WHAT IS REQUIRED: Please write out exactly, without any picture, each line from the first in the listing through the line that includes "手話単語:2071 【偏見】 2024年09月06日".

COLLECTED DATA:
↓↓↓

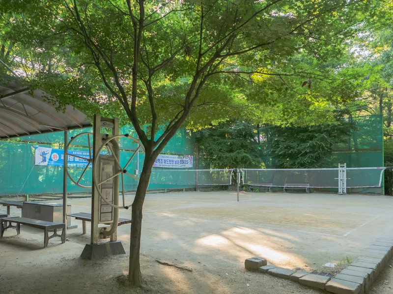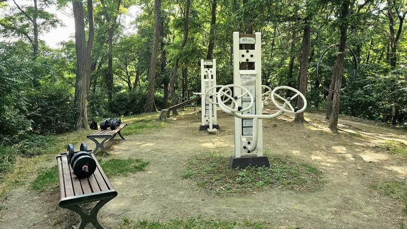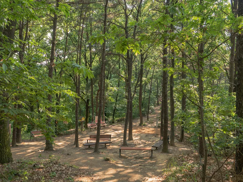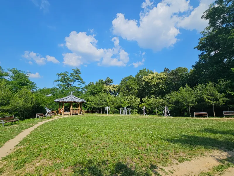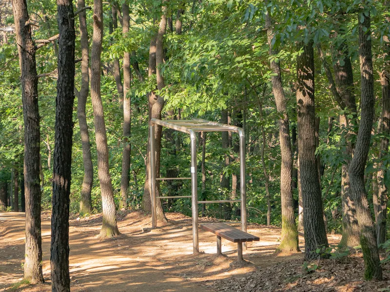 오른 지 얼마 지나지 않아 운동 기구들이 설치된 쉼터가 나왔는데요,
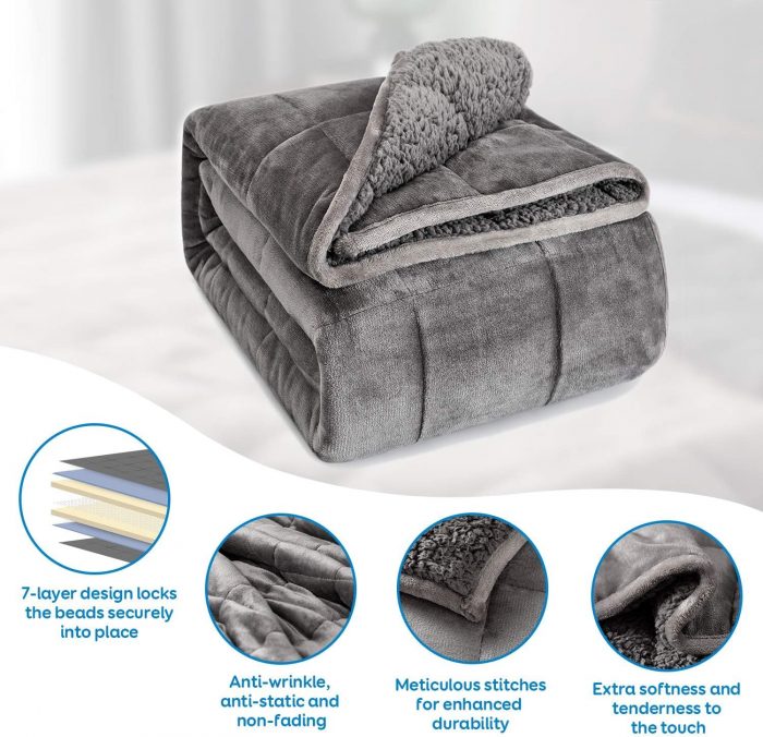 Industry-Leading Craftsmanship: Weighted blanket applies safe and natural ceramic beads filling in a 7-layer design. Wrapped with extra fabric layer and non-glue polyester fibers, these beads are securely locked in the smaller compartments for even distribution in case of any leakage or rustling
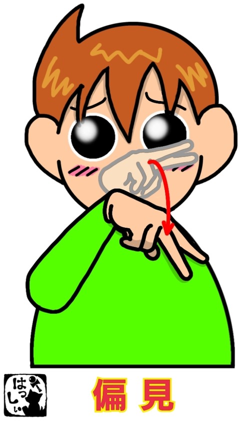手話単語:2071 【偏見】 2024年09月06日 こんにちは(*・ω・)ノ2パターンご紹介します。【偏見】右手の人差し指と中指を伸ばして一瞬誰かを見ているようにして、すぐに手首からカクンと指先を下に向けます。もいっちょ!【偏見】両手の指先を前に向けて手のひらを向いあわせたら左側へカーブを描いて、頭をかしげて右 ... 続きを読む
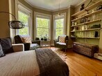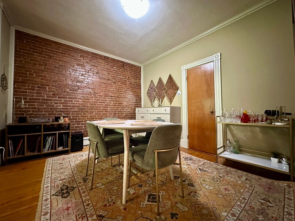 Welcome to 279 Chestnut Avenue #2, a beautifully updated 2-bedroom, 1-bath home offering character, comfort, and prime Jamaica Plain location. Step into a light-filled living space with soaring ceilings, wide-plank hardwood floors, and thoughtful architectural details throughout. The bright bay-windowed living room features custom built-in bookcases and flows into a separate dining room accented by an exposed brick wall ideal for both everyday living and hosting. The spacious eat-in kitchen is a standout, with custom maple cabinetry, a newly installed gas stove, open shelving, and brand new tile. Perfect for cooking enthusiasts! Two well-separated bedrooms provide privacy, including a serene primary bedroom overlooking mature trees. The second bedroom includes a custom closet with a sliding barn door for added style and function. Additional features include: Private laundry and storage Plenty of natural light Dedicated off-street parking space Tranquil shared backyard and patio perfect for outdoor dining or quiet relaxation Nestled on a quiet residential street just minutes from Jamaica Pond, Centre Street, the SW Corridor Park, and Green Street T station Meticulously crafted by a master carpenter with architectural enhancements throughout, this home offers both charm and practicality in one of JP's most desirable neighborhoods. Don't miss this opportunity to make 279 Chestnut your home! Reach out to schedule a showing.

↑↑↑

COMPLETED EXERCISE:
 오른 지 얼마 지나지 않아 운동 기구들이 설치된 쉼터가 나왔는데요,
 Industry-Leading Craftsmanship: Weighted blanket applies safe and natural ceramic beads filling in a 7-layer design. Wrapped with extra fabric layer and non-glue polyester fibers, these beads are securely locked in the smaller compartments for even distribution in case of any leakage or rustling
手話単語:2071 【偏見】 2024年09月06日 こんにちは(*・ω・)ノ2パターンご紹介します。【偏見】右手の人差し指と中指を伸ばして一瞬誰かを見ているようにして、すぐに手首からカクンと指先を下に向けます。もいっちょ!【偏見】両手の指先を前に向けて手のひらを向いあわせたら左側へカーブを描いて、頭をかしげて右 ... 続きを読む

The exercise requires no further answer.